L'analisi. Il doppio voto in autunno non risolleverà il Giappone
Il partito liberaldemocratico si consulta per nominare il nuovo premier. A novembre le elezioni per il rinnovo del Parlamento. Ma pochi i segni di novità nella classe politica
L'ex ministro degli Esteri Fumio Kishida ha vinto oggi le elezioni per la leadership del partito di governo in Giappone ed è destinato a diventare il prossimo primo ministro. Kishida ha battuto Taro Kono, il ministro delle vaccinazioni, al ballottaggio dopo aver superato al primo turno due candidate donne Sanae Takaichi e Seiko Noda. L'elezione del nuovo primo ministro è attesa lunedì 4 ottobre in Parlamento, dove il suo partito e il partner di coalizione hanno la maggioranza.

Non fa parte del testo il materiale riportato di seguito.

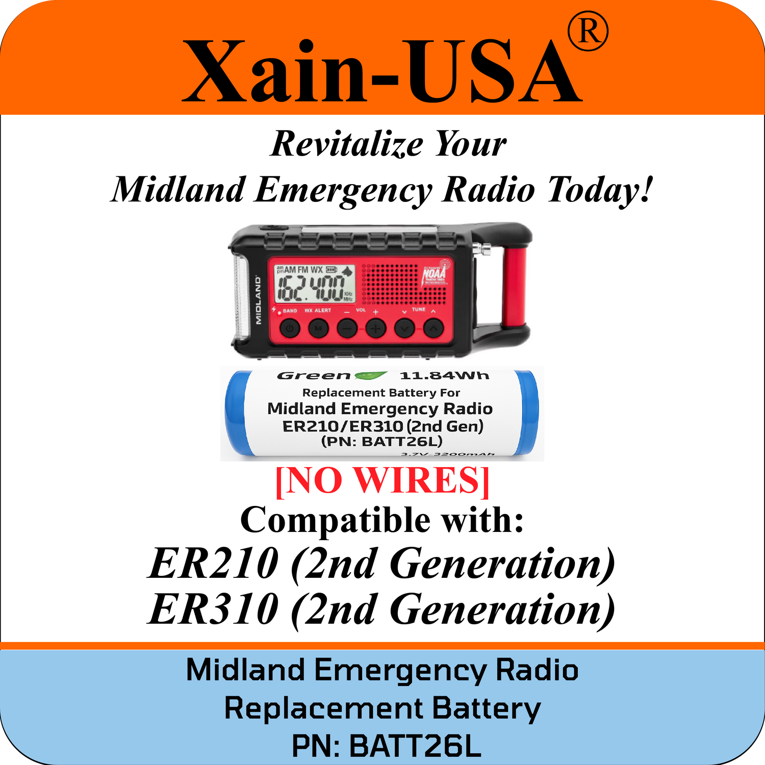 - Compatibility: Midland Emergency Radio ER210 / ER310 (2nd Generation)

C’era una volta il Giappone. Ricordate? Un Paese risorto a tempo di record dalle ceneri della guerra, lanciatosi all’inseguimento – superandole una dopo l’altra – delle grandi potenze europee e convinto di poter addirittura sorpassare gli Stati Uniti. I suoi prodotti, auto, moto, apparecchi elettronici, avevano invaso – e a pieno titolo – il mondo intero. I suoi gadget, dal Walkman al Tamagochi sono entrati nella storia del design, oltre che in centinaia di milioni di case. Poi il declino, lento, ma inesorabile. L’esplosione della 'bolla' negli anni ’80, il cosiddetto 'ventennio perduto', la crisi economica e sociale solo in parte importata dall’estero. La fine del vecchio, da tutti invidiato (senza in realtà conoscerne a fondo i limiti e soprattutto i costi sociali) nenkojo-resseido, il cosiddetto sistema che garantiva piena occupazione e impiego a vita, in cambio di fedeltà assoluta e docilità sindacale.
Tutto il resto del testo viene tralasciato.